At the time of this contract of sale, Rogers had no patent for
the land, but only a plat and certificate of survey of it upon a
military warrant. Rogers died in April, 1794, without children,
unmarried and intestate, leaving his father, George Rogers, his
heir at law, who then lived in Virginia, and afterwards died there
in March, 1802, having by his last will devised the land in
controversy, of which he had obtained a patent in 1799, to his two
sons, Edmund Rogers and Thomas Rogers (the defendants), and to his
four daughters, to each of them one sixth part, and constituted his
said sons trustees for his four daughters during their lives, and
afterwards for their children respectively in fee, with power to
sell the same, &c. He also appointed his two sons executors of
his will.
Dickinson continued to reside in Virginia until his death, in
1806, and by his last will he devised his estate to his wife Mary
Dickinson, under whom the plaintiff, Ann Holt, claims, as her
daughter and sole heiress at law, the land in controversy.
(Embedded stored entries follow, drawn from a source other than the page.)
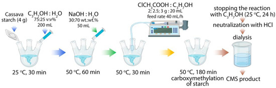 - Adeyanju, O.; Olademehin, O.P.; Hussaini, Y.; Nwanta, U.C.; Adejoh, A.I.; Plavec, J. Synthesis and Characterization of Carboxymethyl Plectranthus Esculentus Starch. A Potential Disintegrant. J. Pharm. Appl. Chem. 2016, 2, 189–195. [Google Scholar] [CrossRef]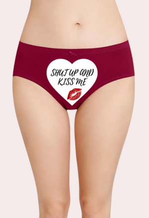 Shut Up and Kiss Me Custom Panty for Her” is a humorous and intimate underwear piece that add cheekiness to your collection. High-quality, soft-touch fabrics make this bespoke panty comfortable and stylish.Its personalised touch makes this underwear stand out. You may personalise the panty with a message or name, making it a wonderful gift or treat for yourself. The playful and flirtatious “Shut Up and Kiss Me” embroidery makes a statement. Whether you’re looking to surprise your partner or indulge in a little self-love, the “Shut Up and Kiss Me Custom Panty for Her” is a perfect choice, offering a blend of personalization, style, and comfort that will leave a lasting impression.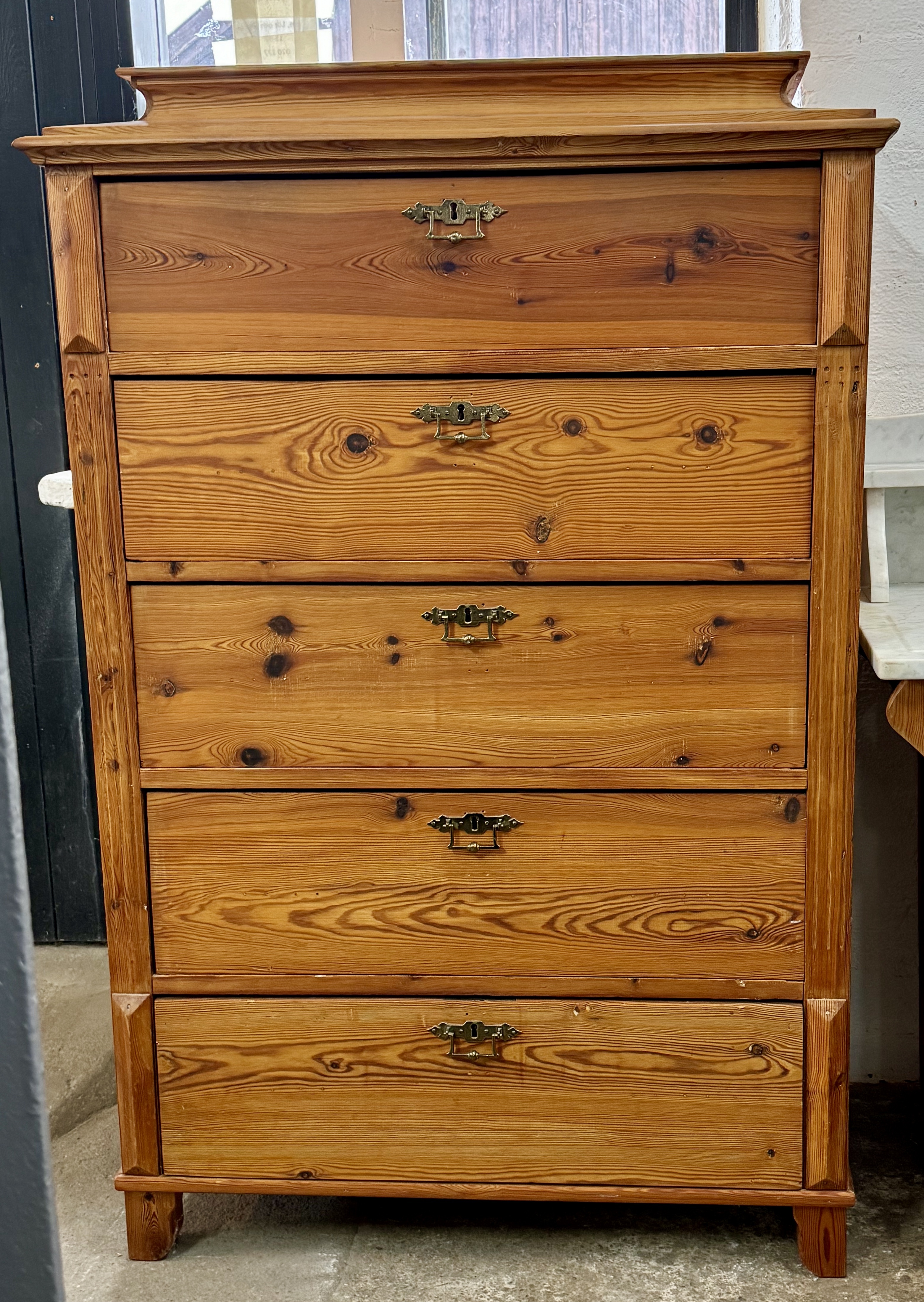 Välvårdad furu byrå med fem lådor, 1800 tal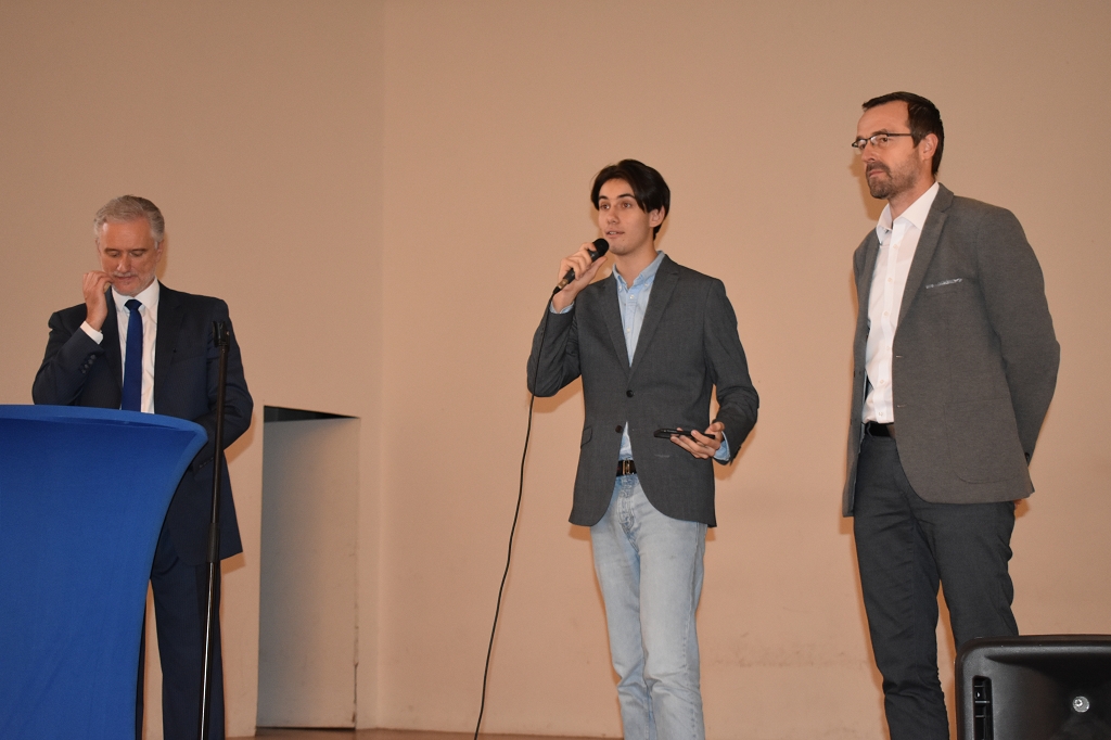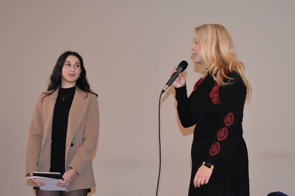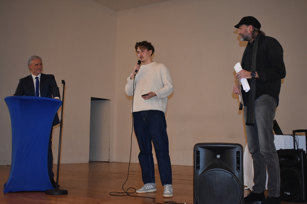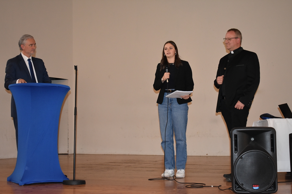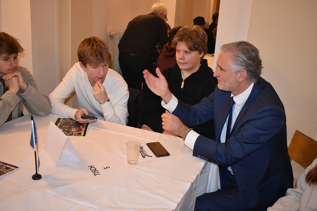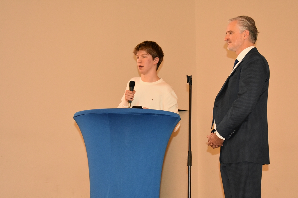 Nach der Europahymne, intoniert vom Bläserquartett der Schule (Andreas Streit 8b, Tobias Streit 5b, Elias Zweytick 7b, Clemens Hinteregger 4b) unter der Leitung von Prof. Thomas Zdravja, eröffnete die Direktorin Mag. Ines Leschirnig-Reichel die Veranstaltung. Im Anschluss an die Grußworte von Bürgermeister Stefan Salzmann und Dr. Christian Gsodam, Europäischer Diplomatischer Dienst, folgte die Videobotschaft des LH Dr. Peter Kaiser. In dieser unterstrich er die Wichtigkeit der europäischen Grundwerte, vor allem der Bildung, und zeigte sich hocherfreut über das Interesse der Jugendlichen an der Thematik.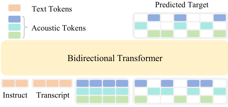 The model utilizes a bidirectional Transformer backbone, initialized with pre-trained LLM weights. Text tokens are processed through a text embedding layer, while acoustic tokens are processed via codebook-specific embedding layers. To integrate the multi-codebook information, the embeddings of all C codebooks at the same temporal position are summed into a unified embedding before being fed into the Transformer. On the output side, the model employs C independent, codebook-specific prediction heads that project the final hidden states to output probability distributions over the vocabulary for each corresponding codebook.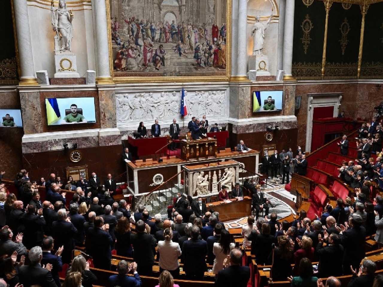 繼英國、以色列、加拿大、美國和日本後,烏克蘭總統澤連斯基(Volodymyr Zelenskiy)受邀向法國國民議會與參議院進行近13分鐘的視訊演說。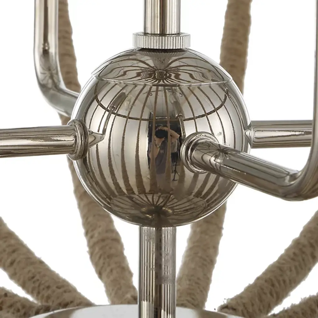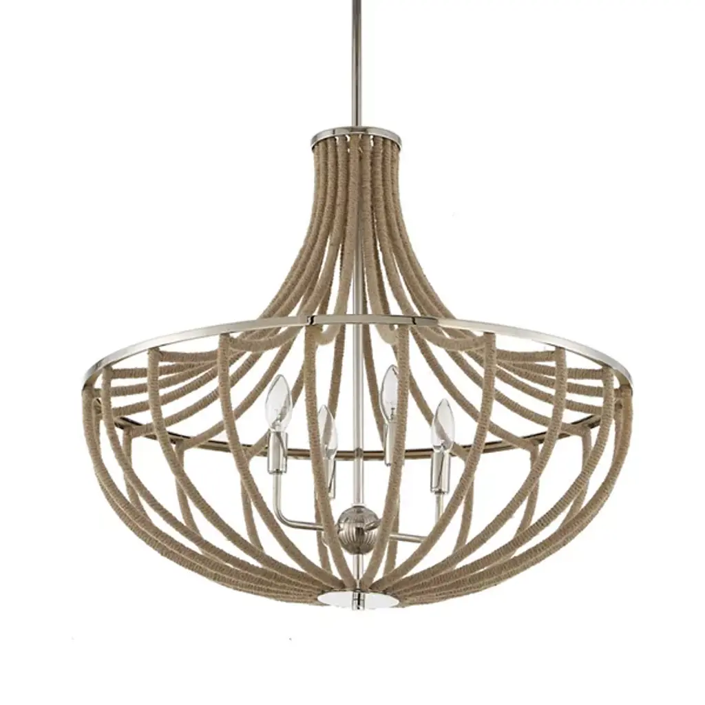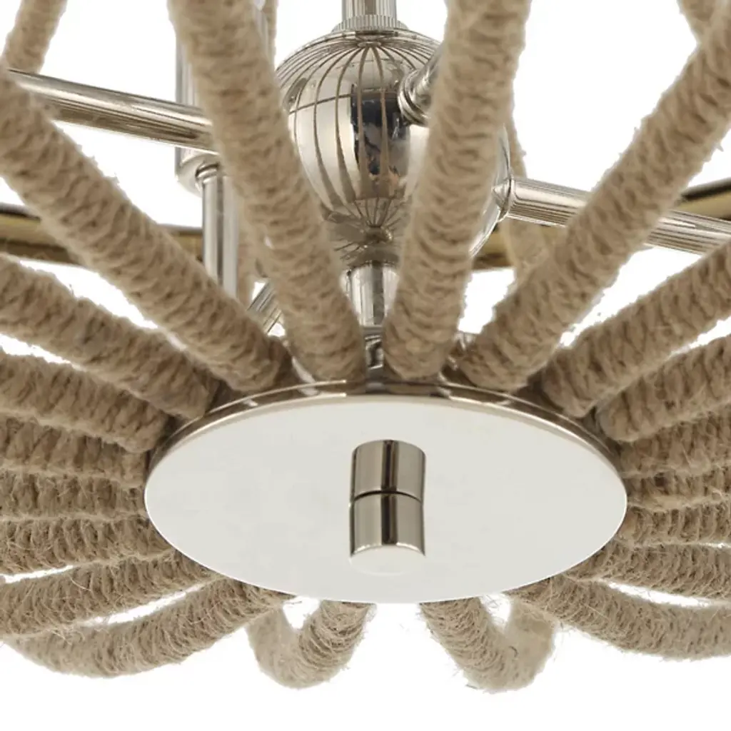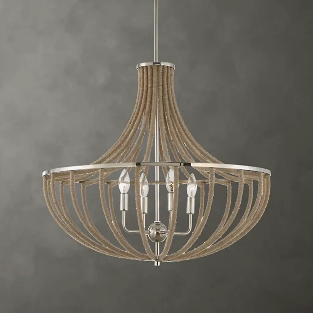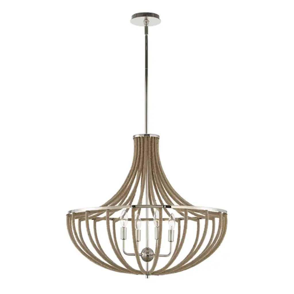 The Lovelock Chandelier from Uttermost pairs classical empire proportions with nautical rope detailing under Sergio Orozco Designs' creative direction. Natural twisted rope wraps around the metal framework, softening geometric structure with organic texture. Four candelabra lights emerge from the rope-bound cage, creating balanced illumination throughout. The design references traditional maritime lanterns while maintaining refined proportions for interior spaces. This rope wrapping technique adds tactile interest to the architectural frame, demonstrating how natural materials transform classical lighting forms into approachable pieces.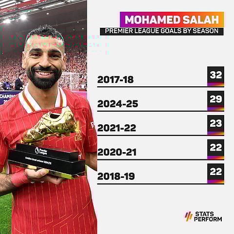 Erling Haaland's high of 36 goals in a Premier League season (in 2022-23) looked to be within Salah's sights at one point, though he ultimately finished seven adrift of that mark.
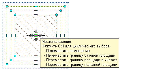 | переместить общую границу пространства, | щелкните ручку перемещения и, удерживая ее, четырежды нажмите клавишу CTRL, чтобы перейти к режиму перемещения общего контура. Затем переместите общую границу в нужное положение и нажмите кнопку мыши. |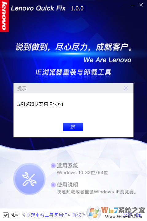 2、如果當(dāng)前IE瀏覽器處于啟用狀態(tài),界面按鈕會(huì)切換到卸載瀏覽器狀態(tài),如果IE瀏覽器狀態(tài)讀取失敗,則會(huì)提示失敗信息。如圖4: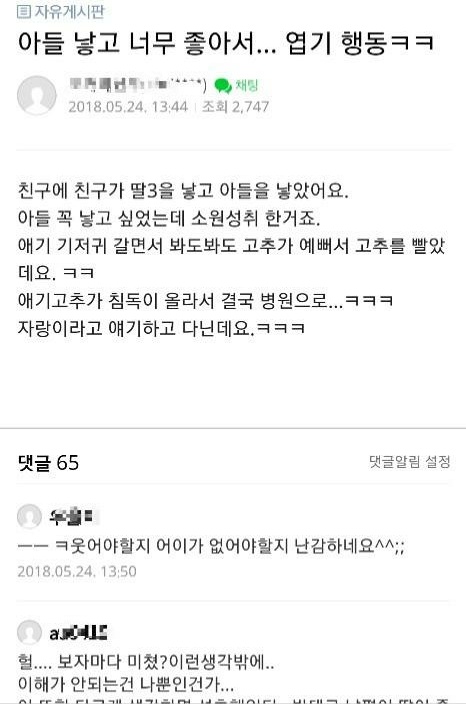 [스크랩] [흥미돋]아들 낳고 너무 좋아서 한 엽기 행동 작성자얼큰칼국수2|작성시간24.06.29|조회수39,376 목록 댓글 265 글자크기 작게가 글자크기 크게가 출처 : 여성시대 power up! 다음검색 스크랩 원문 : *여성시대* 차분한 20대들의 알흠다운 공간 현재 게시글 추가 기능 열기 북마크 공유하기 신고 센터로 신고 댓글 댓글 265 댓글쓰기 답글쓰기 댓글 리스트 작성자러키여시잖앙 | 작성시간 24.06.30 …? 작성자메롱씨티 | 작성시간 24.06.30 어우십 작성자오늘의점심은 | 작성시간 24.06.30 저거 성폭행이지... 작성자2024년 로또 1등 최고 금액 당첨자 | 작성시간 24.07.01 ...???? 작성자잉지은 | 작성시간 24.07.01 헐 ... 댓글 전체보기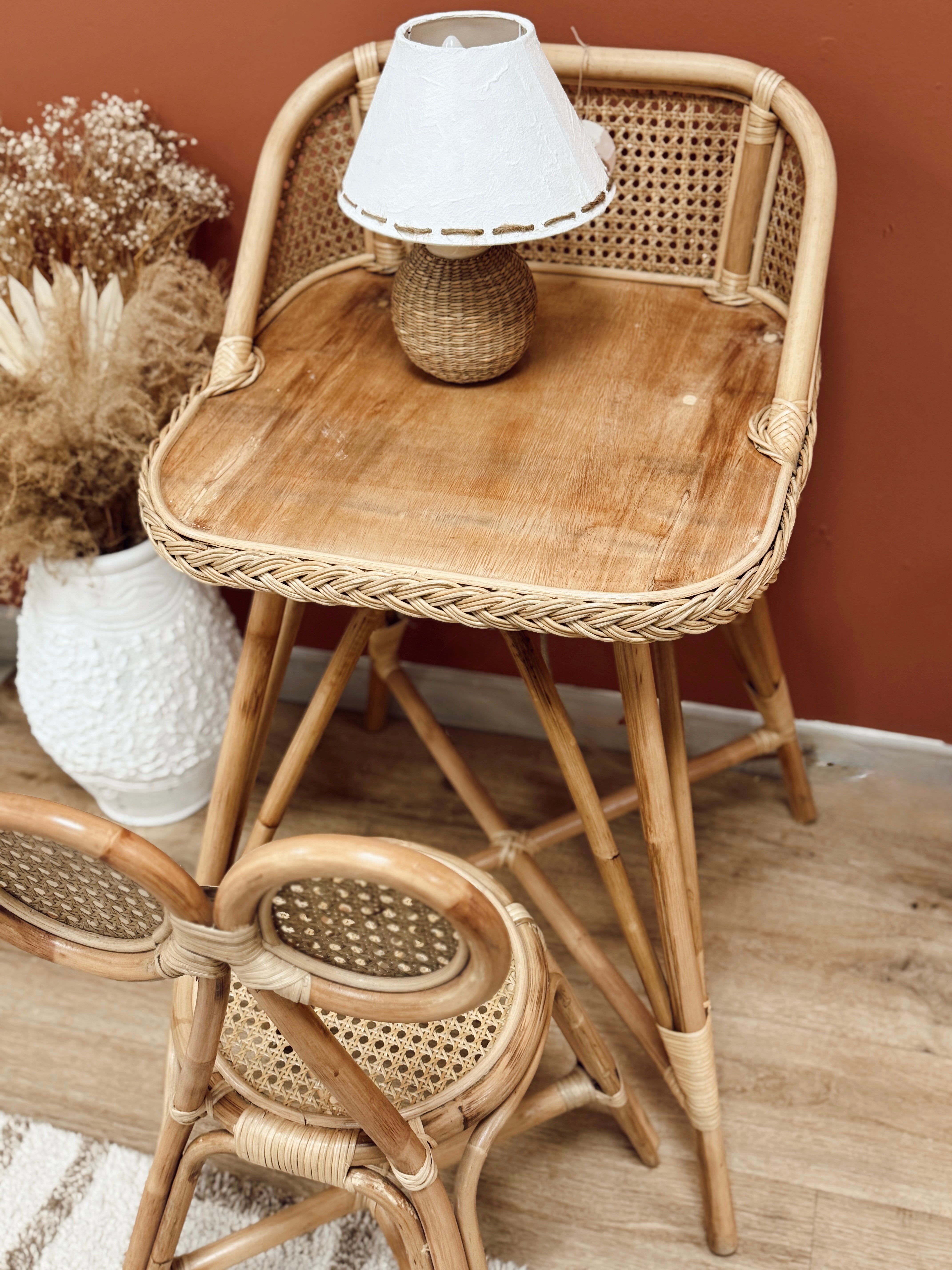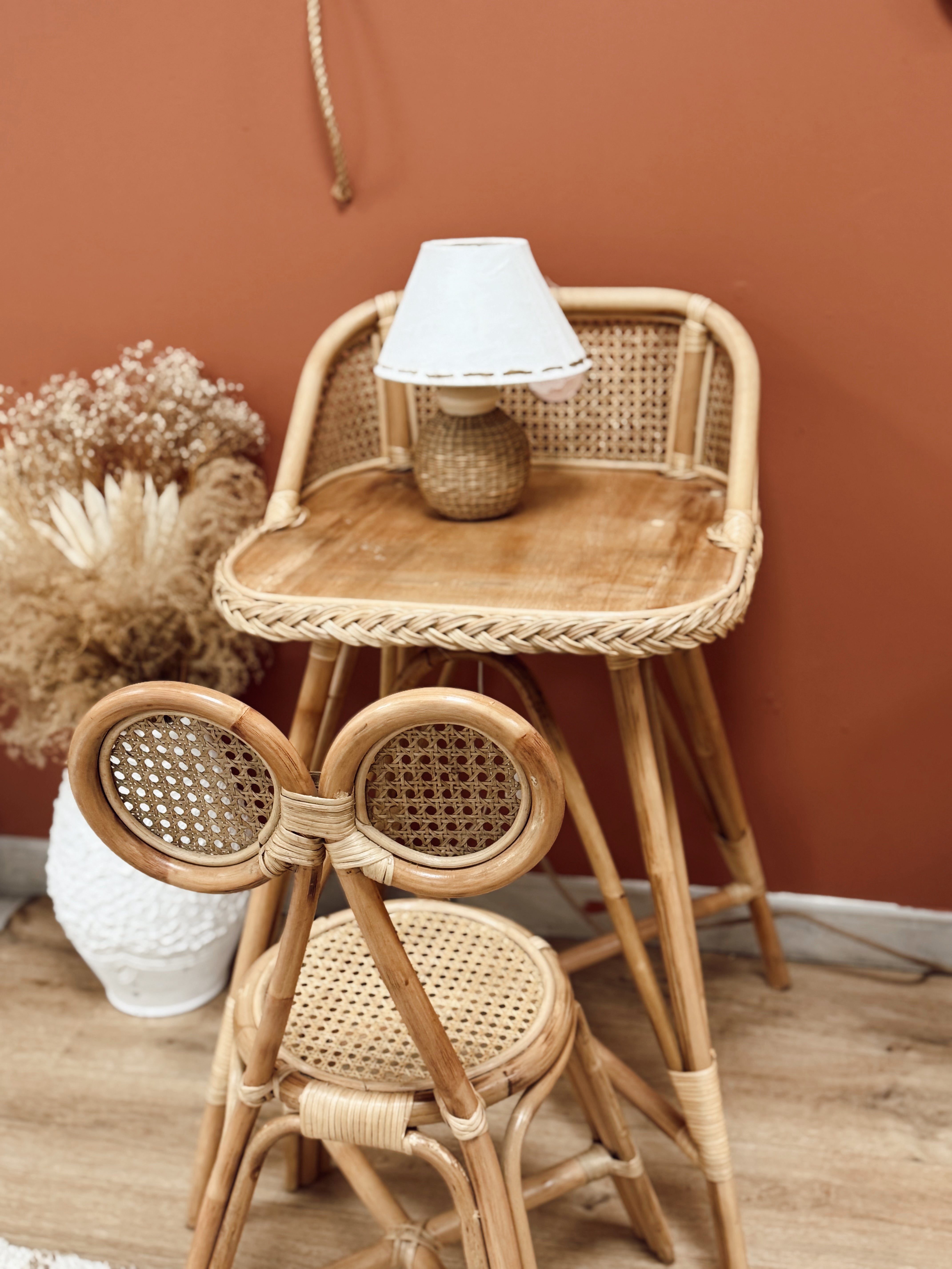 Fabriqué à la main à Bali, l’ensemble GILI se compose d’un bureau aux jolis rebords tressés et d’une chaise en rotin cannage, au design ludique en forme de lunettes rondes.

The suit
is brought against the defendants, Edmund and Thomas Rogers,
without making the four daughters or any of them or their
representatives parties.
The circuit court dismissed the bill of the complainants, and
they prosecuted this appeal.
Page 33 U. S. 432
MR. JUSTICE STORY delivered the opinion of the Court.
After stating the case, he proceeded:
This is an appeal from a decree of the Circuit Court of Kentucky
District dismissing the bill in equity brought by the appellants
against the appellees.
Three points have been made at the argument by the appellees,
either of which, if established, would be fatal to the bill in its
present shape, and two of them would be fatal in any shape. The
first is that the contract of sale was not absolute, but terminated
by the nonfulfillment of the conditions at the end of the
stipulated period; the second is that the lapse of time is a bar to
all equity in the plaintiffs, and the third is that the proper
parties for a decree are not before the court.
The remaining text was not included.